Gold and Silver Stabilize After G-7 Gabfest
Coming into tonight’s State of the Union address both Gold and Silver were in serious danger of washing out to recent spike lows. Bulls, however, came in to support gold at $1640, well ahead of the $1626 spike low from January which is the current downside magnet. There is little to do at this point other than wait. The take down and failed breakout at $1696 month has the speculative portion of the market piling on any help engendered by the Fed and the ESF to keep the price of gold from responding to the obvious inflationary pressures building all around us.
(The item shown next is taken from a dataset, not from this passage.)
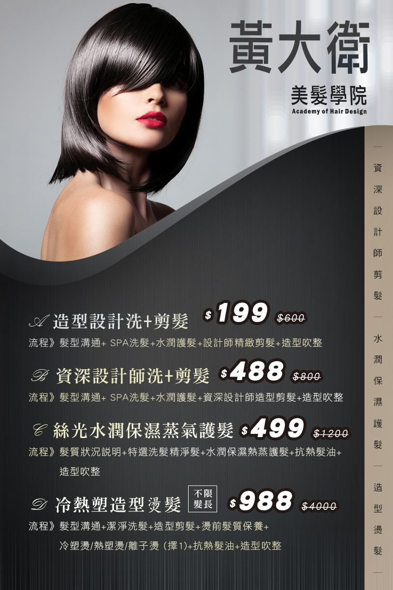 美髮大變身!無論是浪漫的捲度、氣質的直髮,與專業設計師溝通,經由他們的巧手,搭配冷塑燙/熱塑燙/離子燙擇一,亮麗的造型讓您大變女神男神。
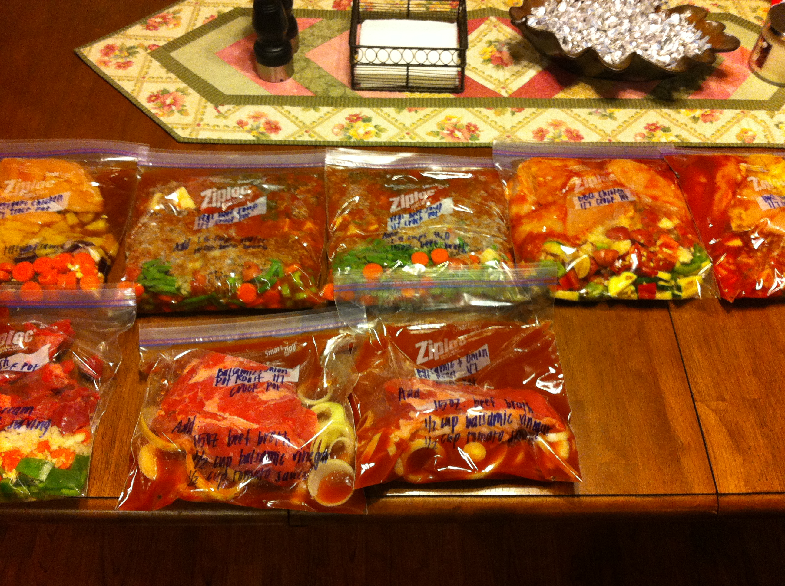 Pretty impressive, isn’t it? In total, it took me about an hour and a half from start to finish – not bad to have ten ready-made meals! I wrote on each bag the name of the meal, that it was meant for the crock pot, today’s date, and anything that needed to be added in the day of (more broth, water, etc). I’ll post the recipes as I try them… I don’t like to post them on here until I can give an honest review. Everything looked and smelled good though! If you want to see her blog, complete with recipes, click here!

Silver, according the to structure of the open interest on the COMEX, may be the real culprit here as a desperate (and trapped) JPMorgan continues to try and shake out a large contingent of silver longs who could very well stand for delivery in March. So, it’s very important at this point to make it as painful for them as possible to do so. But, the frequency with which the raids are being conducted –with what amounts to near infinite volume — has the bulls simply crying ‘Uncle!” and bailing on the market. Open interest in Silver is high enough to scare the exchange. Dropping the price near $30 only brought out more longs, the same way that $1640 did for gold. Most importantly, it did so without liquidation the day before.
The G-7 trying to talk down the idea of a global currency war was as laughable as it was transparent. The backpedaling began right after the damage had been done to the metals. They even trotted out George Soros to warn about a Euro breakup again. A two-day correction in the Euro and it’s end the of the world. The noose grows ever tighter.